More than two years ago the Office has launched a campaign in Belarus aimed at reforming the existing forms of social support. The idea is to understand and analyze if people with disabilities are able to live independently in local communities and to find out what is needed for positive changes. Campaign’s initiators don’t claim to completely decline the existing experience but they say about important changes that should be done. For example, such innovative practices as assisted living and club house should be developed; it is also important to get rid of “common” guardianship in favour of individual assistance and of course not to forget about objectification of a person with disability understanding that he should take part in solving issues concerning his own life. Today the situation is different especially if we talk about people with some intellectual or psychic disabilities.
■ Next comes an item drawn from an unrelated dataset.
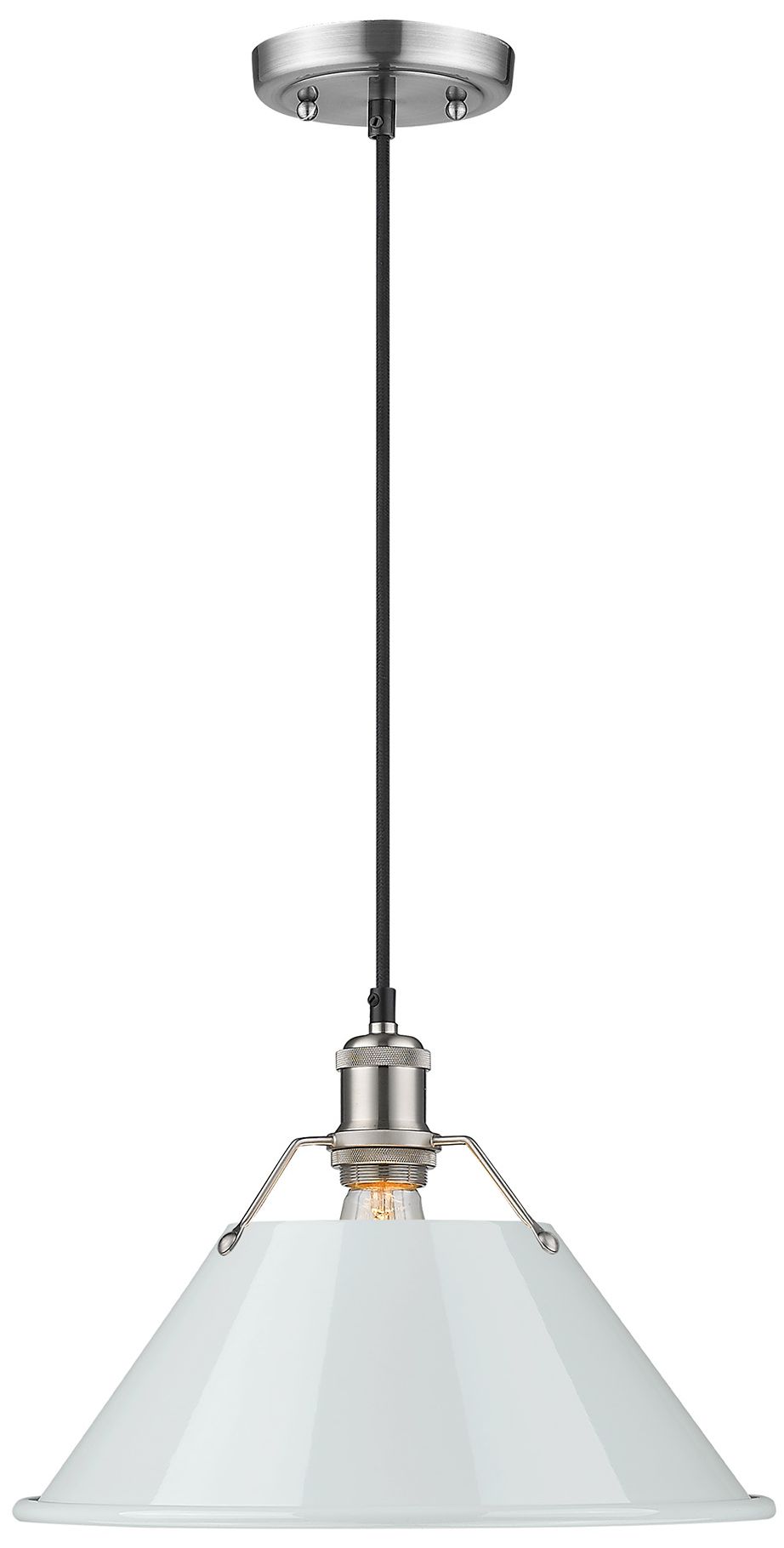 Orwell 14" Wide Pendant in Pewter with Dusky Blue

Such people are found incapable and are placed to closed psychoneurological institutions.
Office for the rights of persons with disabilities and Lithuanian organization “Perspectives of psychic health” in the frames of the campaign have launched a joint project “Deinstitutionalization as a possibility to promote human rights of persons with intellectual and/or psychic disabilities in Belarus” which will be realized in the country till 2019.
We are planning that the new project will be aimed at timely reaction to violations of human right of this vulnerable group, - comments the Office’s coordinator Sergey Drozdovsky. - On the whole, we will try to promote deinstitutionalization and to reform old practices in health care system and social support which were inherited after the fall of USSR. USSR’s practices as a rule lead to significant violations of rights and cruel treatment of representatives of vulnerable groups.
The problem will be solved with the help of the campaign’s events. Among them there are - growth of the potential of Belarusian NGOs working on deinstitutionalization and advocacy topics; realization in 6 regions of Belarus of pilot projects and their constant support and monitoring; creation and support of the Coalition for deinstitutionalization; technical and economical explanation of the development of community services in the frames of deinstitutionalization; holding opinion polls on deinstitutionalization; campaigns aimed at raising the awareness; holding meetings and seminars.
We hope that at the end of the campaign’s second stage in 2019 Belarusian NGOs will be able to mobilize for promotion and control of deinstitutionalization process and effective advocacy and that instruments of deinstitutionalization will be prepared. And on the whole, we hope that interested parties and the society will be more active in supporting the idea of deinstitutionalization in Belarus.